GPU process: Supports 3D rendering of CSS effects, graphics, and videos
Network process: mainly responsible for the page network resources loading.
Plug-in process: responsible for running browser plug-ins

Rendering process

The render process consists of the following threads:

GUI rendering thread: responsible for parsing HTML, CSS. Build the DOM tree, layout and draw
The JS engine thread is responsible for parsing and executing JS code. It is mutually exclusive with the GUI rendering thread. When the JS engine is executing, the GUI thread is suspended until the JS engine is idle
Event-triggering thread: The thread responsible for handling event polling
Timing trigger thread: timer related thread
Asynchronous HTTP request thread: the thread responsible for handling browser Ajax requests

Rendering process

Building a DOM tree: Convert an HTML string into a DOM tree structure that the browser can recognize
Parse CSS into CSSOM: Parse CSS code and introverted CSS code into structured styleSheets that the browser can understand
Create a Rendering Tree based on the DOM Tree and CSSOM that contains only visible elements, such as the head tag or the display: None tag that is not in the Rendering Tree
Layout calculation: Calculate the coordinates of the nodes in the Rendering Tree based on the Rendering Tree you just calculated
Layering, compositing, display: Layering, compositing, and displaying the rendered tree on the screen.

Rearrange and redraw

concept

Rearrange: If you change the position of the set of elements through JS and CSS, it triggers the browser to rearrange, recompose the render tree, and trigger the entire process
Redraw: If the value changes the color of the element, but does not change the geometry of the element, the browser will not trigger a relayout, and will go directly to the draw phase, skipping the layout calculation process, so the update is more efficient.
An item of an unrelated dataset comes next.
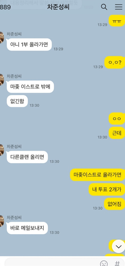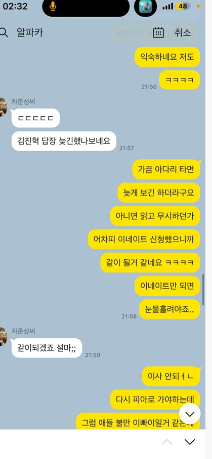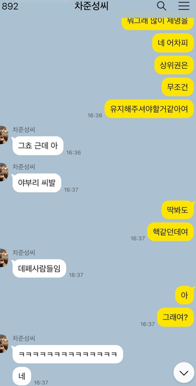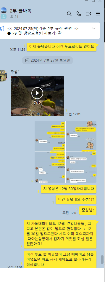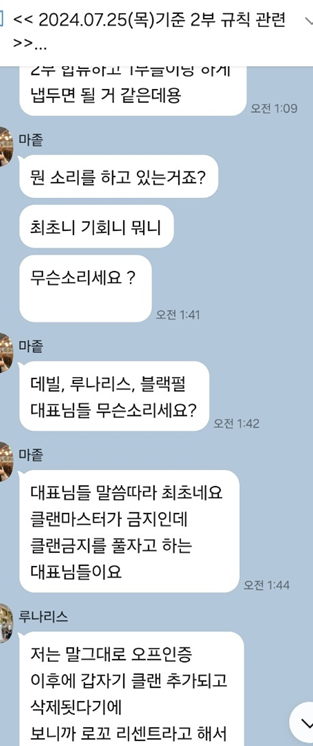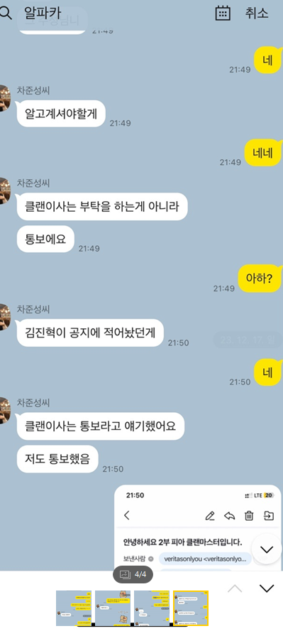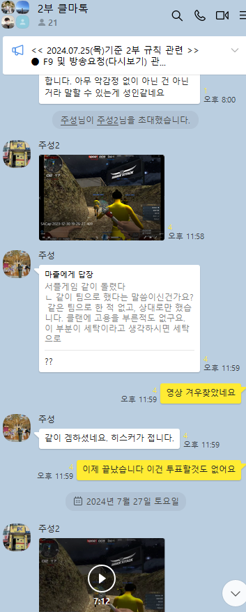아직도 20명가량 남아계신 클마단톡방은 마설님의 모든 증거사진 및 엪구 풀영상이 있고 저의 주장들이 그대로 남아있는것을 보고 계심에도 불구하고 마설님이 새로만든 단톡방에 어떠한 언급 자체가 지금까지도 일체 없는 상황입니다.

How to reduce rearrangement redraw:

Avoid using style as much as possible, and rename the className and change the className if you need to manipulate the DOM element node.
To add or clone an element, insert the element into memory via the documentFragment, and then appendChild to the DOM element.
Use dispaly: None as rarely as possible. Use visibility:hidden instead. Dispaly: None will cause rearrangement, and visibility:hidden will cause redrawing.
Do not use the Table layout, because a small operation may cause the entire Table to be rearranged or redrawn.
When using the resize event, do shaking and throttling.
Use the Absolute/fixed properties for animated elements.
The CSS Transform is used to animate the effect because the composite animation is performed directly on the non-main thread.
When modifying elements in batches, you can first remove the elements from the document flow, and then put them into the document flow after the modification is complete.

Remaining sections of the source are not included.